As with other things on this list, how to maintain your battery depends on whether you’ll be driving or running the car at all during storage. If you’ll start or drive it periodically, the battery may not need any additional maintenance. A short drive (just long enough to get the oil up to temperature, which evaporates any condensation in the oil) will suffice to keep the battery topped up and the oil in good shape. If that’s not possible, a trickle charger is a great alternative—we recommend microprocessor-controlled units that are able to determine what type of battery you have so it can charge it appropriately. If you have an absorptive glass mat (AGM) or lithium-ion starting battery, you’ll want to be extra sure you’re using an appropriate charger.

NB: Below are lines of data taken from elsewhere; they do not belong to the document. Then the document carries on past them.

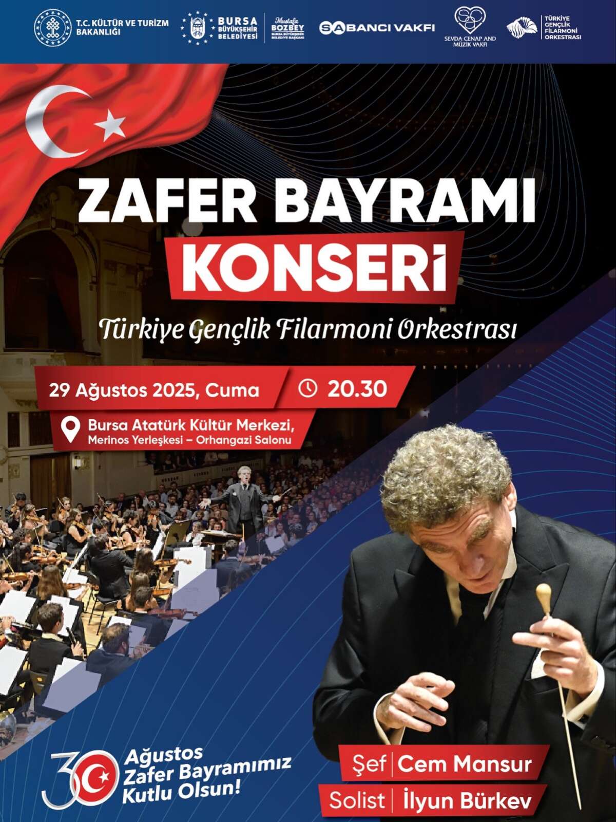 “Bir Zafer Var” temasıyla düzenlenecek kutlamalar kapsamında 29 Ağustos Cuma günü saat 20.30’da Atatürk Kültür Merkezi Merinos Yerleşkesi’nde Türkiye Gençlik Filarmoni Orkestrası, saat 21.00’de ise Kurşunlu Tahtalı Çarşı’da Çalgıcı Mektebi Orkestrası sahne alacak.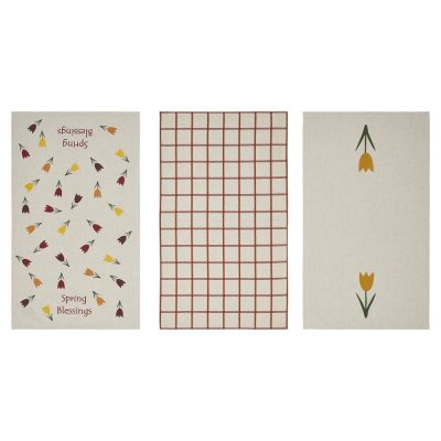 Spring In Bloom Spring Blessings & Tulips Tea Towel Set of 3 16×28
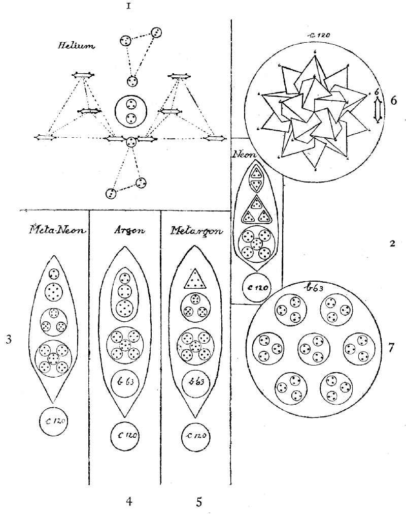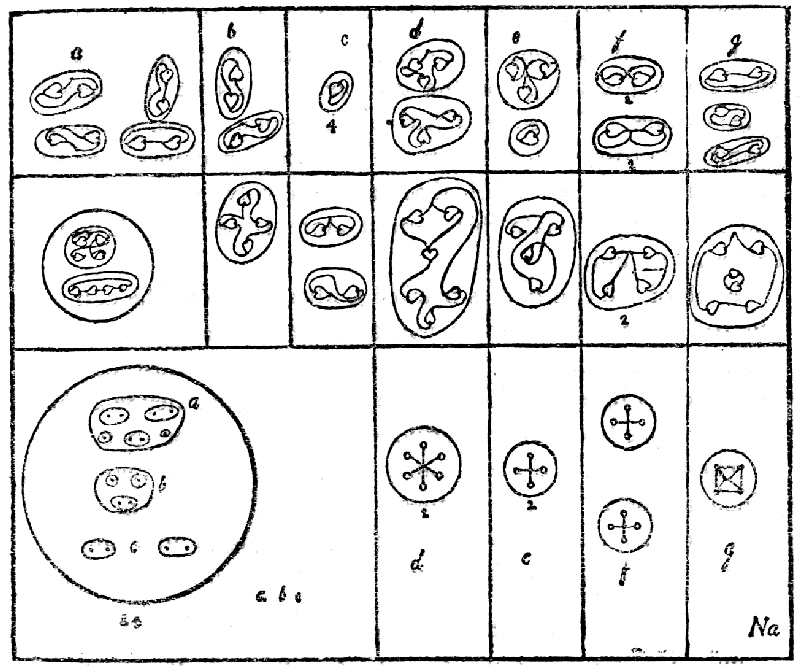 The first difficulty that faced us was the identification of the forms seen on focusing the sight on gases.[2] We could only proceed tentatively. Thus, a very common form in the air had a sort of dumb-bell shape (see Plate I); we examined this, comparing our rough sketches, and counted its atoms; these, divided by 18—the number of ultimate atoms in hydrogen—gave us 23.22 as atomic weight, and this offered the presumption that it was sodium. We then took various substances—common salt, etc.—in which we knew sodium was present, and found the dumb-bell form in all. In other cases, we took small fragments of metals, as iron, tin, zinc, silver, gold; in others, again, pieces of ore, mineral waters, etc., etc., and, for the rarest substances, Mr. Leadbeater visited a mineralogical museum. In all, 57 chemical elements were examined, out of the 78 recognized by modern chemistry.

It’s usually possible to leave the battery in place, and many trickle chargers have quick-disconnects making it easy to unplug to use the car. You can also remove the battery and charge it in a more convenient location. A quick note on battery removal: Be sure to consult your owner’s manual before starting this task, especially if your vehicle’s audio system has a security code you must input for it to work after losing power. Sure, your battery will be topped off, but who wants to miss out on their tunes because they couldn’t find their radio code ahead of time?

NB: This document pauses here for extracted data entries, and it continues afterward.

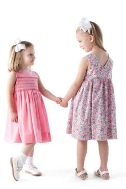 Mary De is the classic wrap-in-the-back sundress and jumper creating a V-back. The dress fastens with two buttons, and the bodice is lined. In addition to the original smocked dress, Mary De can also be made with a smocked insert or unsmocked with a plain front bodice. Our easy-to-follow smocking instructions will make this your favorite smocking project. The unsmocked version is great for beginners and the smocked versions are for more advanced sewers.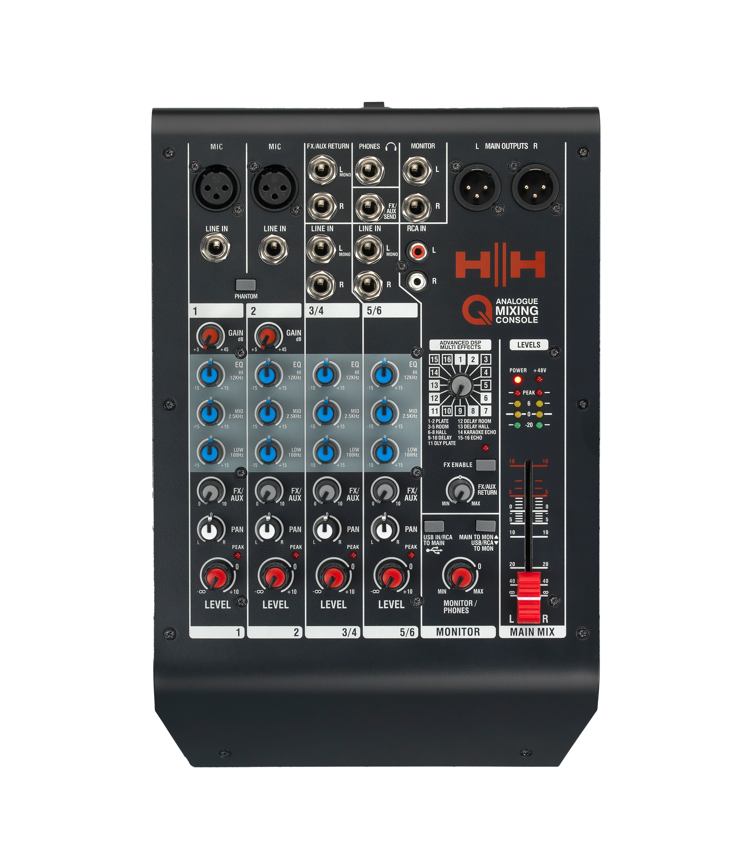 Q6FX — компактный 6-канальный аналоговый микшерный пульт, разработанный и изготовленный в Великобритании. Q6FX состоит из 2 монофонических входных каналов с микрофонными входами, в которых используются малошумящие микрофонные предусилители, а также опция линейного входа на каждом канале. Входные моноканалы расположены рядом с двумя линейными входными стереоканалами, которые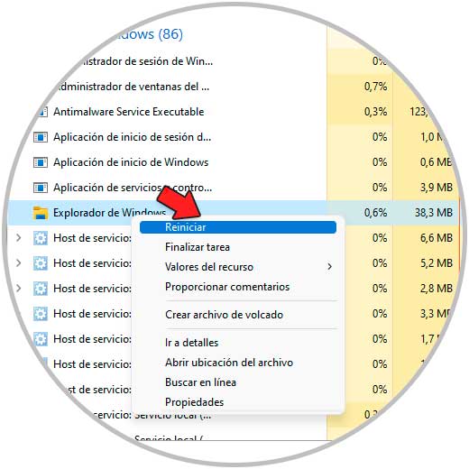 Seleccionamos el "Explorador de Windows" y con la tecla derecha del teclado seleccionamos "Reiniciar":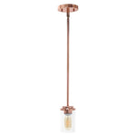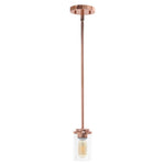 This beautiful rose gold and clear cylinder iron ceiling light with clear shades will brighten up and change the look of your room. This light will require hardwiring installation. Get creative and change up the look of any room from hallway, to closet, to office or bedroom with this gorgeous hanging chandelier light fixture. 53.00-inch h x 5.01-inch w x 4.75-inch d.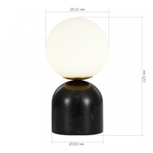 | Внешний вид: | | | Размеры: | высота: 22 см, диаметр: 12 см, диаметр основания: 10 см | | Материалы: | камень мрамор, стекло | | Цвета: | чёрный мрамор, белый |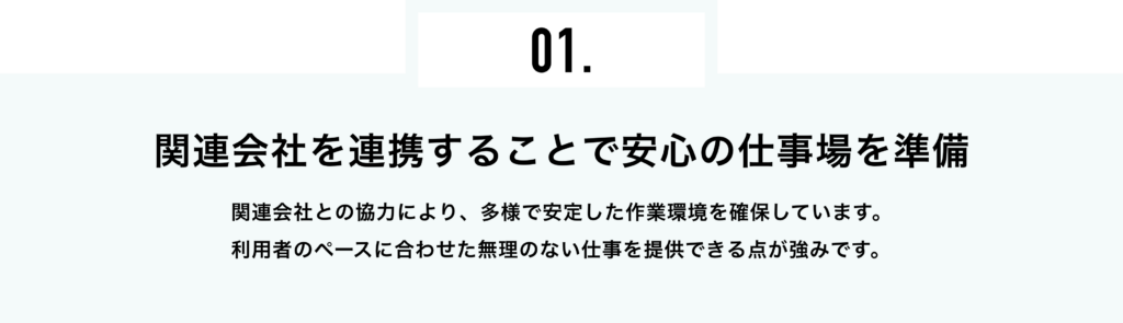 Home あなたらしく ここから始まる 新しい一歩 あなたらしく ここから始まる 新しい一歩 Mわーくすとは 平日は一般のお仕事(PC作業や体を動かすお仕事など)休日はアマチュアスポーツのカメラマンの仕事を通して楽しみながら無理なく社会復帰を目指せる場所です。 Mわーくすのポリシー -高賃金へのこだわり- 代表理事 名前名前 テキストテキストテキストテキストテキストテキスト テキストテキストテキストテキストテキストテキスト テキストテキストテキストテキストテキストテキスト テキストテキストテキストテキストテキストテキスト 代表理事 名前名前 テキストテキストテキストテキストテキストテキスト テキストテキストテキストテキストテキストテキスト テキストテキストテキストテキストテキストテキスト テキストテキストテキストテキストテキストテキスト 就労支援B型とは? 就労継続支援B型は、障がいや体調の影響などで一般企業で働くことが難しい方が、自分のペースで働きながらスキルを身につけることができる福祉サービスです。利用者は雇用契約を結ばず、作業内容や勤務時間を自分に合わせて調整できるのが特徴です。施設では、軽作業や製品づくり、データ入力など、さまざまな仕事を通して「できること」を増やしていきます。働く喜びを感じながら、生活リズムを整えたり、将来のステップアップを目指したりする場として、多くの方が利用しています。 こんなお悩みのある方へ おすすめの事業所です 楽しい仕事がしたい 高い工賃で働きたい 精神状態を安定させたい 楽しい仕事がしたい 安心して働きたい 理解のある職場で働きたい いつか就職したい より健康になりたい 家近の事業所を探している 私たちの特徴 詳細はこちら ▶︎ 1日の流れ お知らせ 投稿テスト06 投稿テスト05 投稿テスト04 投稿テスト03 投稿テスト02 投稿テスト 1 2 › お知らせ一覧へ ▶︎

Try Not To Use The Parking Brake

Here’s why: given enough time and humidity, some styles of the parking brake can “freeze”. If you won’t be driving the car for a while, leave the parking brake off and use wheel chocks to prevent this issue. Just make sure that whatever you do, the car is held securely and safely in place.

Keep Critters Away

Rodents love to make nests under the hood of dormant cars. There’s usually cloth-like sound deadening material they can tear up to make a little home. They can drag in nuts and other stuff they like to eat, which makes a mess and possibly causes a fire hazard. And sometimes they chew on the wiring, which can really damage the vehicle. There are several deterrents you can use, but some folks swear by mothballs or peppermint oil. Just don’t leave them near the base of the windshield, where air is drawn into the cabin when you turn on the climate control system, or the car will take on the strong and unpleasant smell.

Consider A Car Cover

A car cover can help keep your paint free of accidental scrapes, abrasive dust, and UV damage to the tires and the interior. They work especially well inside, where you can get by with a lighter cover that’s softer and usually more inexpensive. If you’re storing your car outside, you may want to invest in a more robust cover that is weatherproof and UV resistant. Keep in mind that wind can whip a cover around, which could cause light swirling damage to your paint. Securing it well can help prevent this issue.

Cardboard Is Your Friend

Those of us who own older, potentially more leak-prone cars know this trick well: Laying down a spare broken-down cardboard box under the car is a great way of tracking fluid loss. Some vehicle fluids can be hard to spot on your garage floor; oil is typically visible, but coolant and transmission fluid might be less so. Cardboard is darn near free, and it’ll show drips and—critically—where those drips are coming from. An oil drip pan with kitty litter also does the trick, and there are other more specialized products out there if you have a fancy garage floor covering you want to keep nice.

Can’t Tell How Much Fluid That Cardboard Gathered?

Before taking your car back out on the road after an extended slumber, be sure to check its fluid levels and perhaps change the oil before starting. Get the engine warm, then check the oil level using the dipstick. You can also check your vehicle’s transmission fluid level, as well as the pressure and condition of the tires. Visually inspect the hoses and belts, too.